For all intents and purposes, unless you are using a method that can take advantage of the observation weights that come out of
voom(), "voom transformed data" is essentially just "log2cpm" with a small prior count (0.5).
The problem with that is that you will have more variance around the lower expression values of your log2cpm data with such a small prior count, but your downstream analyses tools will likely expect data to more homoscedastic.
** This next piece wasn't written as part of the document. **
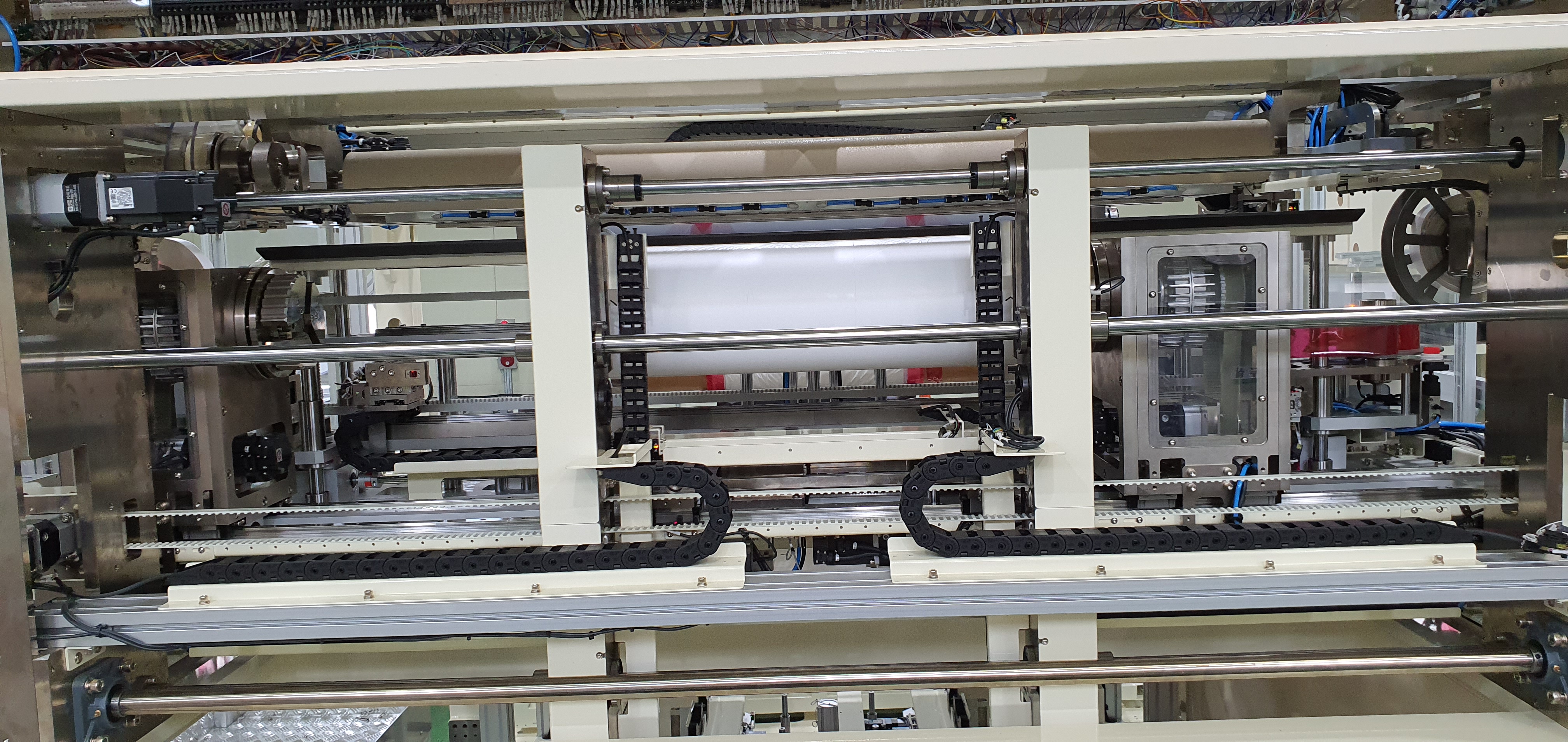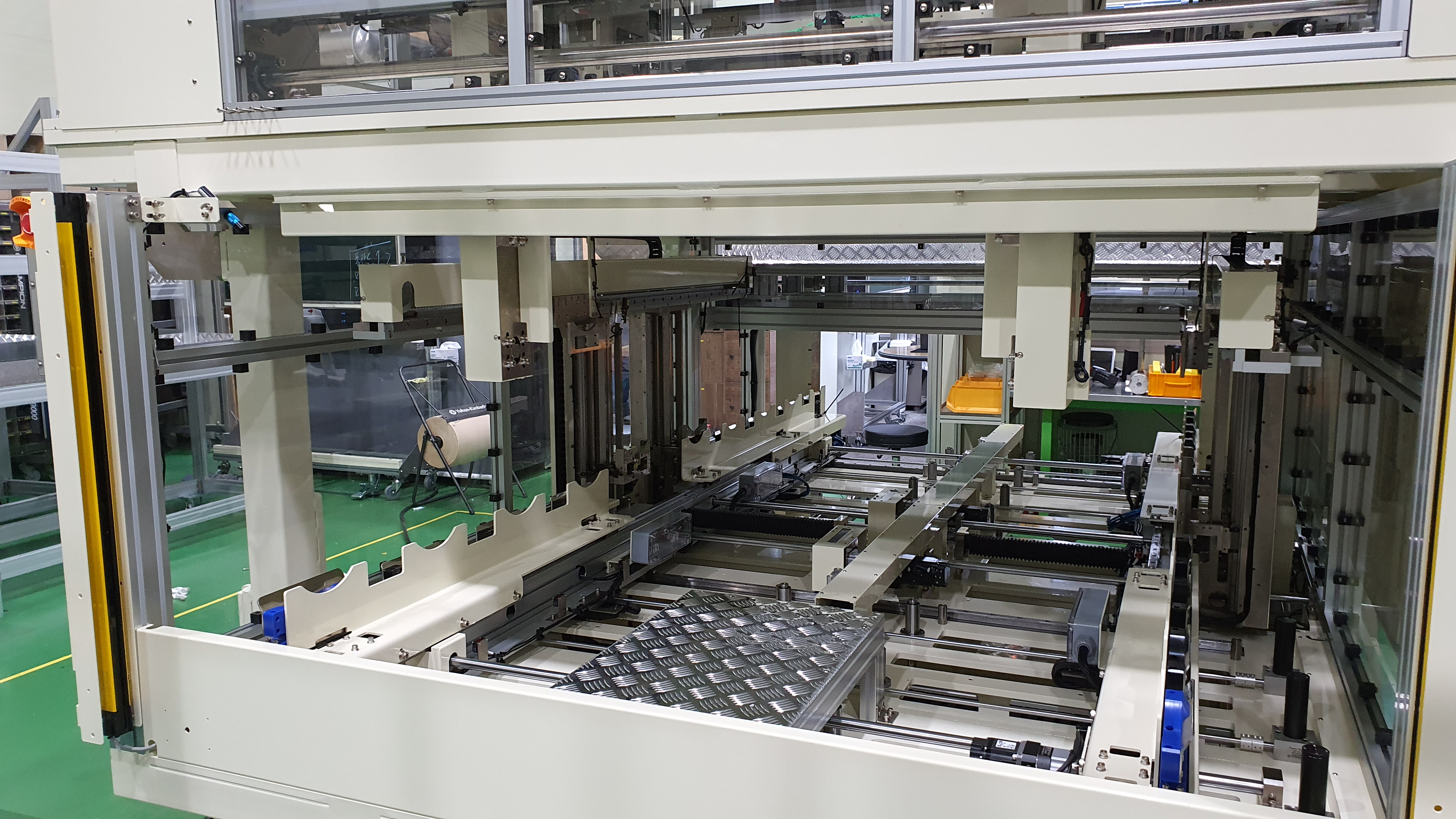 2차전지 분리막 코팅공정 투입부로 원단 스플라이싱시 필요로 하는 초기 작업 (OPP 테이프 부착 / 양면테이프부착 / 마감스티커 부착)후 터렛장비에 원단공급하는 장치.

This is OK for voom, because the weights are incorporated in the analysis, but they are likely not in your KNN procedure, or whatever else you want to throw at it.
As you call
edgeR::cpm(y, log = TRUE, prior.count = N) with larger and larger values of
N you will "hammer out" more and more the variance at the low end of expression, and you will find that it is often suggested on this support form to use a value for
prior.count between 3 and 5 to get your data "approximately" where you want it to be prior to feeding it into some clustering, pca, or whatever else algorithm you choose to run -- so you should prefer to use this approach as opposed to the "voomed"
Another approach is to use the output from the
vst (variance stabilization transform) method found in the DESeq2 package to do the same. Perhaps you can think of the
vst transformation in DESeq2 as similar to the
edgeR::cpm(y, log = TRUE, prior.count = N) but the value of
N isn't constant throughout, which is to say that its value adapts in some smart way within the vst procedure itself.